START Exercise materials
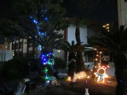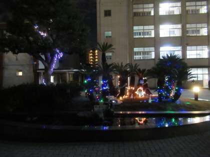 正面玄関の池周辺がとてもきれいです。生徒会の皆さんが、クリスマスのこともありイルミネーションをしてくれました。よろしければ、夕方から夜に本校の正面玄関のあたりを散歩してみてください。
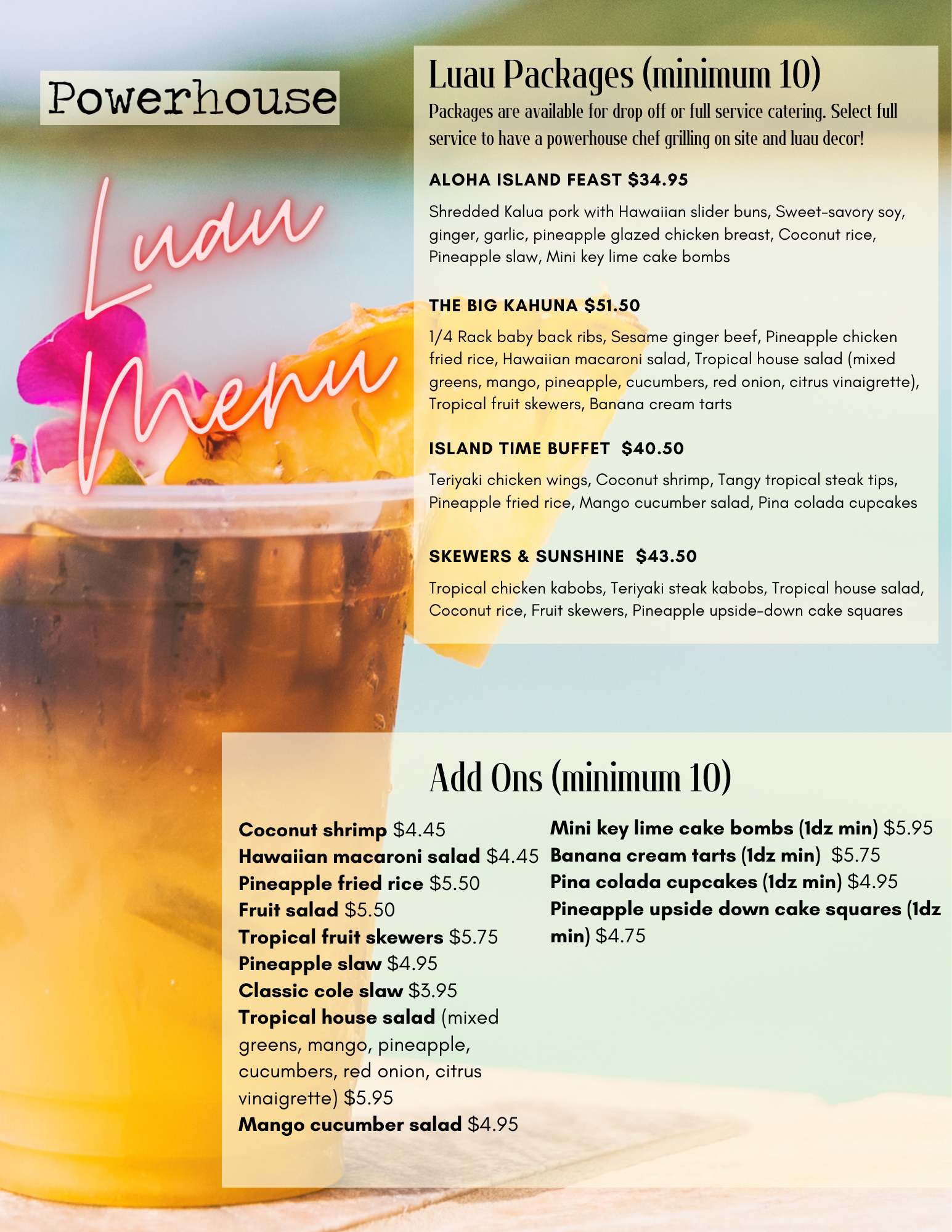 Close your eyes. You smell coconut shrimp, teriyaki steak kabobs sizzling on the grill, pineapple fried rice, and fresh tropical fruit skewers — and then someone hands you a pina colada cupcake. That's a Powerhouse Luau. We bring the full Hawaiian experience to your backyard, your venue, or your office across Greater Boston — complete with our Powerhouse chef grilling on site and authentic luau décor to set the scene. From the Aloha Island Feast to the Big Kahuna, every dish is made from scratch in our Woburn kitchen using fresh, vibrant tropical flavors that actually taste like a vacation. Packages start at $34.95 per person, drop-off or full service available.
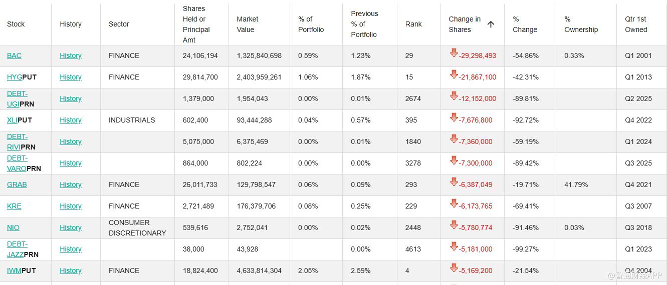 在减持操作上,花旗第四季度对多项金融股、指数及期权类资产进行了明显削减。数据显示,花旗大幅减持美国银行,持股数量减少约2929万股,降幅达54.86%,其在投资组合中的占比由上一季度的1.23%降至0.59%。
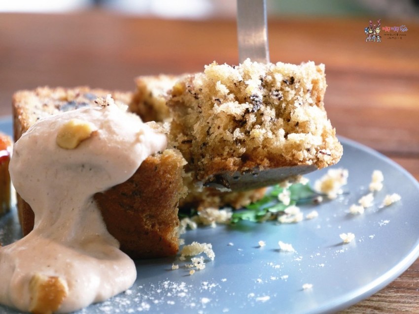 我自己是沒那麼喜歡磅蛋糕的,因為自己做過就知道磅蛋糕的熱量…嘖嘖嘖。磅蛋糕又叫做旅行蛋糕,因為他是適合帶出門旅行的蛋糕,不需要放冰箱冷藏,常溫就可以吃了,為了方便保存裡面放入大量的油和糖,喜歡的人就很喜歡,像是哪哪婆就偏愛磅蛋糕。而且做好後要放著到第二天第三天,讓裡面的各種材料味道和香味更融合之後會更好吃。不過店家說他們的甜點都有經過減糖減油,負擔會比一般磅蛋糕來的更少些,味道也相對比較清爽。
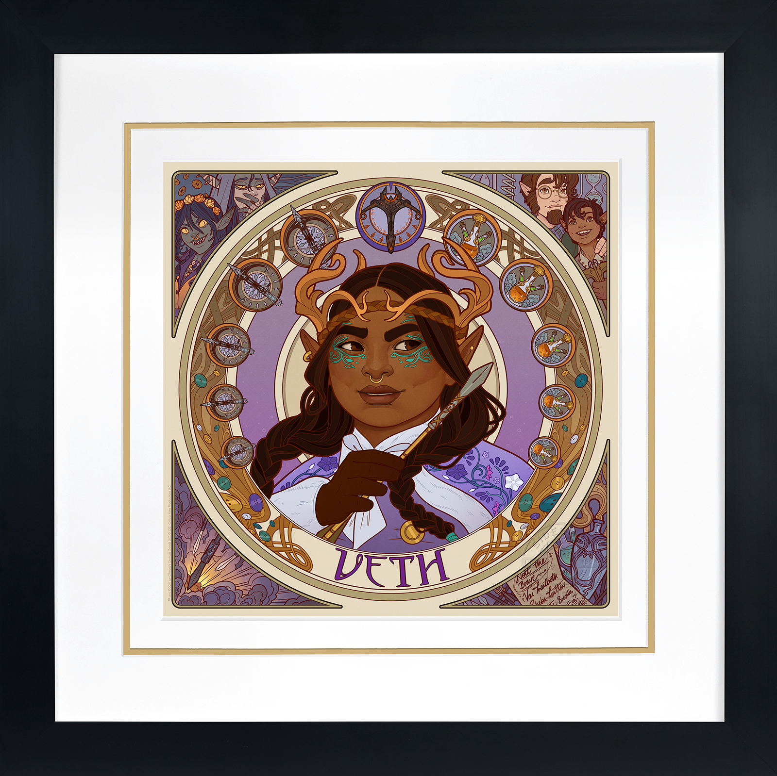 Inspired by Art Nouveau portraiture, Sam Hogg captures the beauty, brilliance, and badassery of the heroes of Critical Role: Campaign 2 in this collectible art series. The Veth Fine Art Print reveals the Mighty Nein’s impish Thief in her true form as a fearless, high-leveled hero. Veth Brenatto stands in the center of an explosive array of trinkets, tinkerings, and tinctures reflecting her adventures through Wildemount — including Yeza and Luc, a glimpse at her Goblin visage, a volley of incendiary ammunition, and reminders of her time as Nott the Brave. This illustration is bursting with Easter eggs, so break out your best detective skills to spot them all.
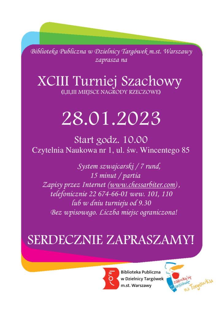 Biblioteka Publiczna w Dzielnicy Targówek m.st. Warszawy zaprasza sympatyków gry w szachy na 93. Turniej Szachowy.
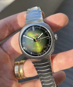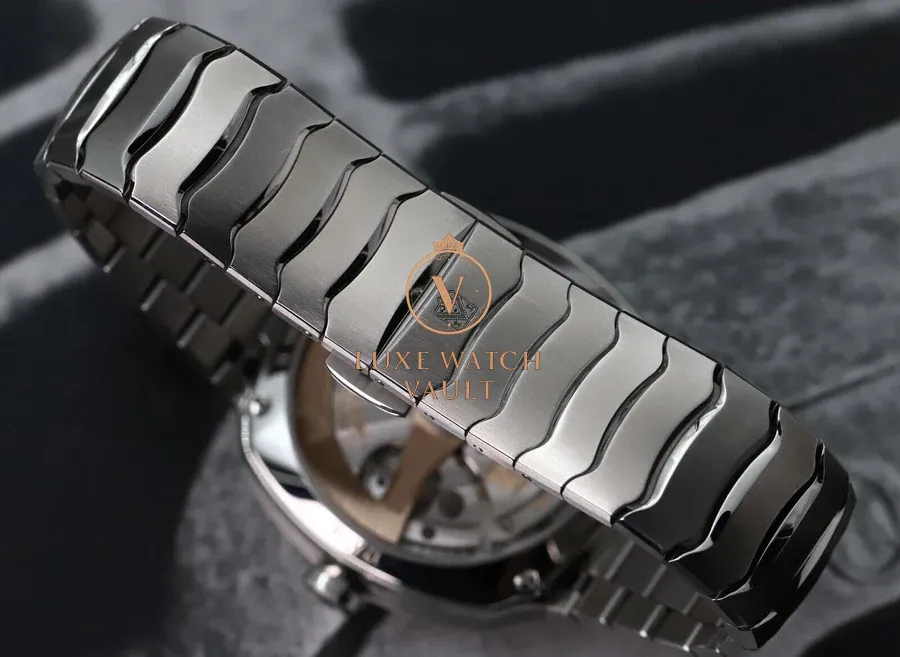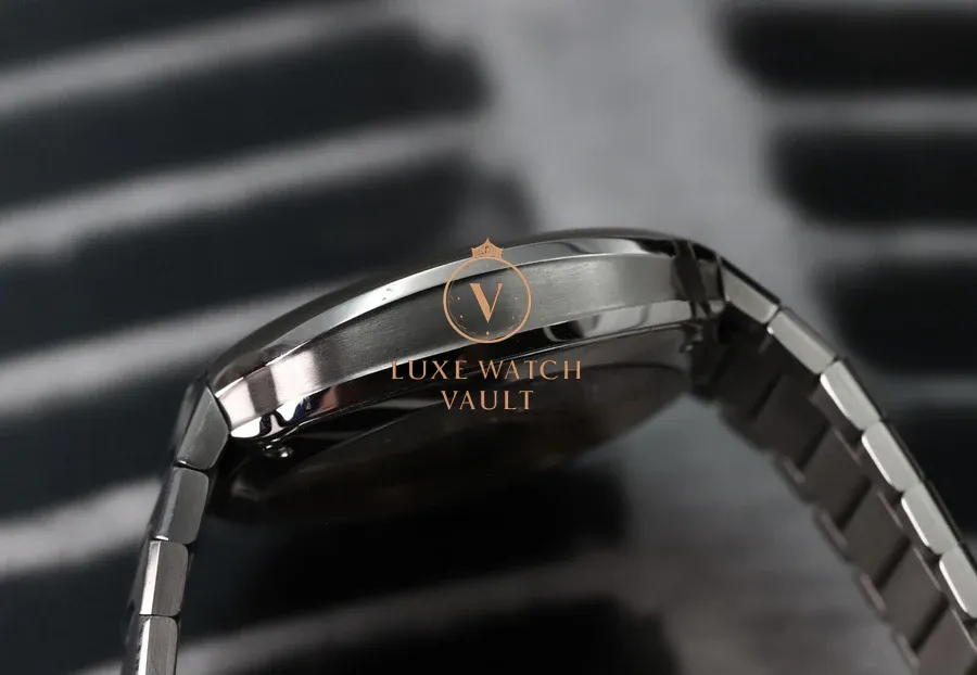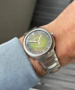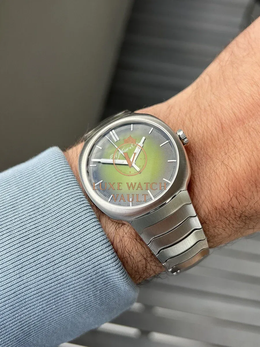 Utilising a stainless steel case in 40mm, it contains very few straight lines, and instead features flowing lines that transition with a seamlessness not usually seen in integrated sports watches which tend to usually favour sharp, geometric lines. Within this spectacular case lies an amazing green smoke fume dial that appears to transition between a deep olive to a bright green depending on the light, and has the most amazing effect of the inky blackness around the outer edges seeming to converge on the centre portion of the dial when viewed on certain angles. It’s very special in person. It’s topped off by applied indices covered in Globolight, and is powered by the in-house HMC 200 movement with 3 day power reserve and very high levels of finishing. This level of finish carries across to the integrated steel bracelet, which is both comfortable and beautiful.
END Exercise materials
• **Task directions**:
In the data above, find the line containing "Inspired by Art" and the line containing "Biblioteka Publiczna w". Repeat those two lines and everything between them exactly, minus the pictures.

• **Exercise answer**:
 Inspired by Art Nouveau portraiture, Sam Hogg captures the beauty, brilliance, and badassery of the heroes of Critical Role: Campaign 2 in this collectible art series. The Veth Fine Art Print reveals the Mighty Nein’s impish Thief in her true form as a fearless, high-leveled hero. Veth Brenatto stands in the center of an explosive array of trinkets, tinkerings, and tinctures reflecting her adventures through Wildemount — including Yeza and Luc, a glimpse at her Goblin visage, a volley of incendiary ammunition, and reminders of her time as Nott the Brave. This illustration is bursting with Easter eggs, so break out your best detective skills to spot them all.
 Biblioteka Publiczna w Dzielnicy Targówek m.st. Warszawy zaprasza sympatyków gry w szachy na 93. Turniej Szachowy.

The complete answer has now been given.